Впрочем, мелькнула заметка о том, что по поводу приезда Прокофьева организован комитет встречи, со включением в него Асафьева в качестве представителя от Ленинграда. Я больше всего боюсь официальностей. Но хорошо, если будет Асафьев: он по крайней мере скажет, как надо себя держать.


20 января 1926
Проснулись рано. На улице ещё темно и в купе тоже, так как сломался газ. К Москве подъехали как-то незаметно, кажется, к Александровскому вокзалу, который имеет, скорее, доморощенный вид. В 7.30 утра поезд, имея за спиной некоторое опоздание, неожиданно останавливается у деревянного перрона. Пока мы кричали носильщика, которых мало, в вагон вошли Цейтлин и Цуккер, а за ними Держановский. Цейтлин – представитель Персимфанса и главная его душа, а в прошлом – концертмейстер в оркестре Кусевицкого. Цуккер, как я узнал позднее, деятельный коммунист. В своё время он хотел быть певцом – и это связало его с музыкой. Затем он принял боевое участие во время советского переворота, а теперь состоит чем-то вроде секретаря при ВЦИКе и таким образом имеет возможность самым тесным образом касаться со всеми членами правительства. Он единственный человек в Персимфансе, не состоящий членом оркестра; должность его заключается в изготовлении программ, давании объяснений по радио во время концертов и, разумеется, проталкивании всяких дел Персимфанса сквозь правительство.
Держановский как-будто изменился мало, похудел и стал меньше.

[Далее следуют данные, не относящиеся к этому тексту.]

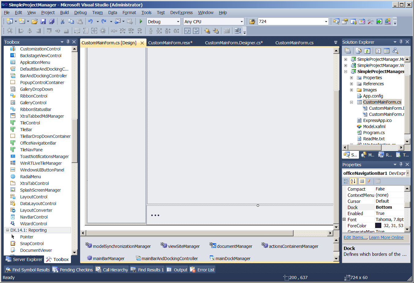 4. Invoke the Toolbox (Control+Alt+X) and drag and drop the OfficeNavigationBar component to the form, right underneath of the viewSitePanel component. Then in the property grid, select the officeNavigationBar1 component and customize its properties as follows:

На ногах валенки, и вообще все они одеты в необычайные шапки, тулупы и пр., словом, та декорация, что так пугает приезжих иностранцев.
Восклицания, приветствия, «неужели Прокофьев приехал в Москву!», – и мы, пересеча скверный вокзалишко, попадаем в такси, ибо в Москве теперь не очень много, но всё же есть таксомоторы. Стёкла у автомобиля густо замёрзли и потому совершенно не видно Москвы, по которой едем.
Це-Це (Цейтлин и Цуккер) наперебой и со страшной горячностью рассказывают про хлопоты по нашему приезду, ожидания, сомнения, волнения и пр. Он, между прочим, рассказывает, что это Литвинов разрешил выдать нам советские паспорта, без отбирания нансеновских. Конечно, преследовать меня не будут, но всё же лучше, чтобы я поменьше пользовался последним.
Приехали в «Метрополь». «Метрополь» ещё с самого начала советской революции был захвачен под советские учреждения и под жилища для ответственных работников, но недавно было решено, что выгоднее перевести их в другие места, а это здание вновь превратить в гостиницу. Выселять, однако, всех сразу в перегруженную Москву было не так легко, и потому сейчас пока очистили и вновь отделали под гостиницу один этаж, который и поступил в аренду немцам, взявшимся вести отельное дело. В верхних же этажах остались ещё ответственные работники, и потому всюду была ужаснейшая грязь, за исключением, впрочем, нашего коридора, где отличный ковёр, хорошая парикмахерская и вообще чистота.
Наш номер выходил прямо на Театральную, ныне Свердловскую площадь. Вид из окон восхитительный. Сам номер безукоризненно чист, довольно просторен и с необычайно высокими потолками.
Кровати – в углублении и отделены зелёной плюшевой занавесью почти до потолка. Но ванны нет и вода в кувшинах. Я заказал кофе для всех, который принесли в стаканах с подстаканниками. Разговоров была масса, но важно было немедленно повернуться лицом к делу, так как завтра утром уже первая оркестровая репетиция. Первым долгом надо было достать мне в номер инструмент; к моему первому московскому выступлению я хотел быть в форме.
В России на инструменты голод: новых не выделывают или выделывают очень мало, а на выписку из-за границы не дают лицензий. Держановский предложил пройти в «Книгу» (нотно-музыкальный магазин, которым он заведывал), откуда я мог получить рояль.
Окончив кофе, отправились туда. На улицах довольно много народу. С одной стороны, много меховых воротников, с другой – женщины в платках. Сколько писалось о том, что приезжие из-за границы поражены бедностью одежды у толпы. Однако не скажу, чтобы меня это поразило: быть может, от того, что слишком много об этом кричали, а может потому, что известный процент платков и тулупов всегда гулял по русским улицам, а следовательно, не удивлял и теперь.
Навстречу ехали огромные автобусы – гордость Москвы. Они в самом деле очень красивы и огромны, и, хотя заказаны в Англии, гораздо лучше по линии, чем лондонские.
Рояль в «Книге» не подошёл – расколоченный. Встретил там Лелю, которая секретарём у Держановского. Тут в первый раз бросился в глаза огромный промежуток, который я пробыл вне России: Леля так и осталась у меня в памяти толстой тринадцатилетней девочкой, а теперь это огромная дама. Очень милая встреча.
Отправились в другой магазин, кажется, прежний Дидерихса, а после национализации — государственный. Там совсем новенькое пианино, довольно тугое, т.е. то, что мне надо. Я немедленно на нём остановился, и в течение дня оно было мне прислано. Снова вышли на улицу. Холодно, мороз. Толпа спокойная, добродушная. Это ли те звери, которые ужаснули весь мир?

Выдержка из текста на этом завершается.